En Pologne, où le service militaire a été aboli en 2009, le gouvernement a lancé un programme national de formation militaire. Il souhaite former 400 000 personnes cette année, des écoliers aux retraités, en prévision d'un éventuel conflit. Malgré la propagande de guerre virulente et le réarmement massif lancé en Pologne dans le contexte de la guerre en Ukraine, la majorité de la population reste opposée au service militaire. Selon un sondage Euronews réalisé en août 2025, 49,1 pour cent des personnes interrogées refusent de s'engager volontairement pour défendre leur pays en cas de guerre, tandis que 6,1 pour cent sont indécises. Chez les 18-29 ans, la tranche d'âge qui serait la première à être envoyée au front, le résultat est encore plus net: 69 pour cent ne veulent pas aller à l’armée.
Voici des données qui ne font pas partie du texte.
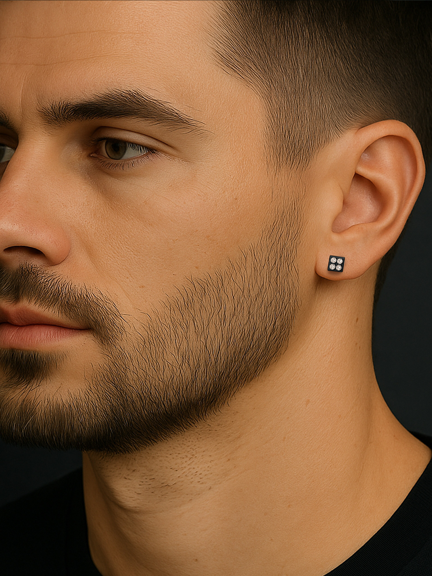 Add a bold edge to your style with these sleek square-shaped stud earrings for men. Crafted from durable black alloy, each stud features a finely set stone that adds a touch of subtle sophistication. Perfect for everyday wear or a night out, these earrings combine modern design with timeless appeal

En Roumanie, où la conscription a été abolie en 2007, le gouvernement a instauré en octobre dernier un service militaire volontaire de quatre mois pour les hommes et les femmes de 18 à 35 ans, à compter de 2026, afin de renforcer les effectifs de l'armée professionnelle à l’aide de jeunes réservistes. On les attire par une rémunération de 400 à 600 euros par mois, plus le logement, l’alimentation, les soins médicaux et une prime – un chantage perfide quand on sait que nombre des jeunes de ce pays des Balkans ravagé par la crise vivent dans la pauvreté.
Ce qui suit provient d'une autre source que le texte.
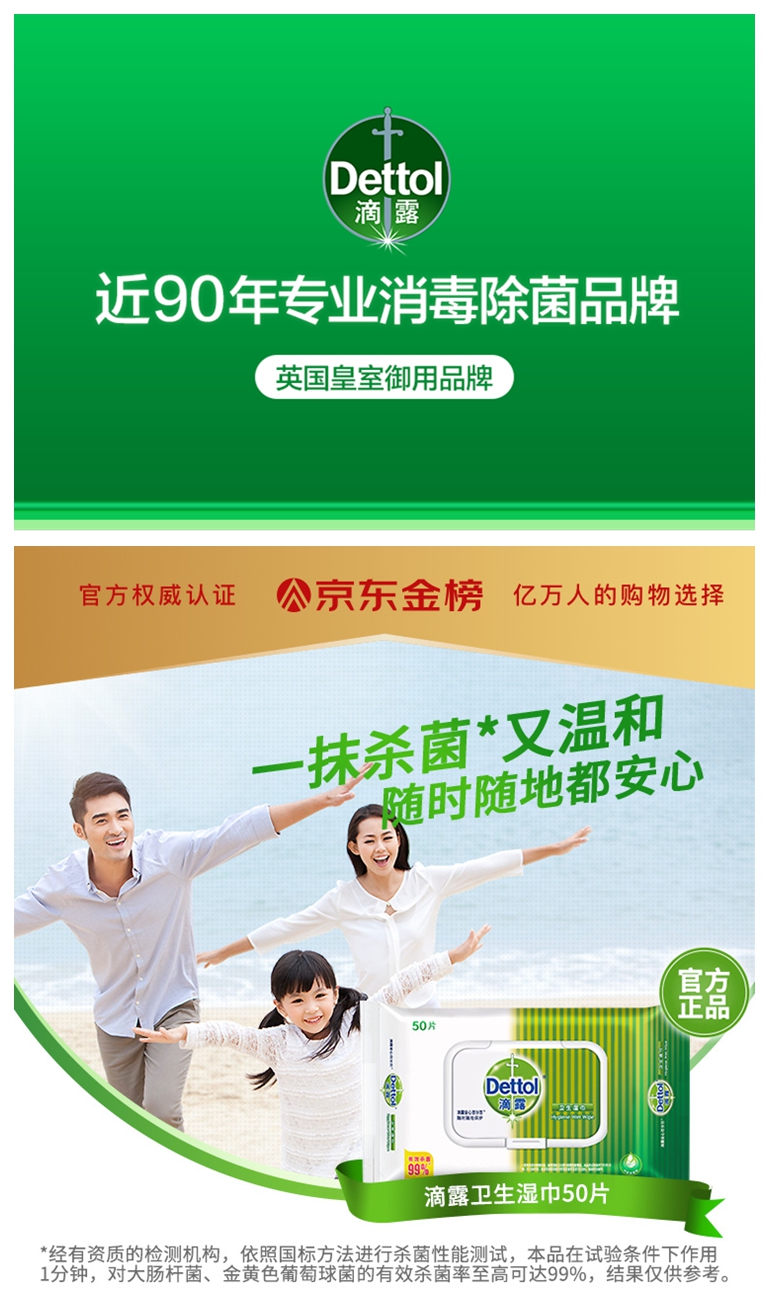 • 商品名称:滴露(Dettol) 卫生湿巾50片 杀菌99%

Tous ces modèles de service militaire, volontaire ou obligatoire, ont un seul et même but: préparer rapidement et intégralement la jeunesse européenne à un conflit armé, tant sur le plan militaire qu’idéologique. Lorsque Donald Trump se lance dans le pillage de l’Europe de l’Est, de l’Amérique latine ou du Moyen-Orient et déclenche une guerre contre la Chine, les puissances européennes ne veulent pas rester les bras croisés. Elles poursuivent leurs propres intérêts impérialistes et prédateurs, qui n’ont absolument rien à voir avec une «défense des idéaux de paix européens» face à la Russie ou aux États-Unis. Tout comme Trump, elles veulent accéder à plus de matières premières, de marchés et de sources de profit, et sont prêtes, comme dans la Première et la Seconde Guerre mondiale, à sacrifier des millions de jeunes gens comme chair à canon sur les champs de bataille européens.
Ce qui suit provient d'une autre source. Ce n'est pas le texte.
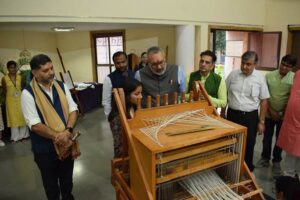 नई दिल्ली, 13अगस्त। केन्द्रीय वस्त्र मंत्री गिरिराज सिंह ने 10 अगस्त, 2024 को राष्ट्रीय फैशन प्रौद्योगिकी संस्थान (निफ्ट), गांधीनगर का दौरा किया, जहां उन्होंने हथकरघा पखवाड़ा समारोह में सक्रिय रूप से भाग लिया। इस अवसर पर श्री सिंह ने भारतीय वस्त्रों की अद्वितीय विरासत को प्रदर्शित करने वाली एक जीवंत और सावधानीपूर्वक क्यूरेट की गई हथकरघा प्रदर्शनी का उद्घाटन किया।

Mais leur talon d'Achille est la véhémente opposition à la guerre qui agite la population. La grève scolaire en Allemagne, les manifestations étudiantes en Grèce et les grèves dans plusieurs pays contre le soutien au génocide à Gaza ne sont qu'un début. Celles-ci doivent devenir le point de départ d'un mouvement anti-guerre uni, transnational, de la classe ouvrière; un mouvement qui s’oppose, à travers une lutte commune pour les États socialistes unis d'Europe, à l'Europe capitaliste du réarmement et de l'hystérie guerrière, de la pauvreté et des inégalités sociales.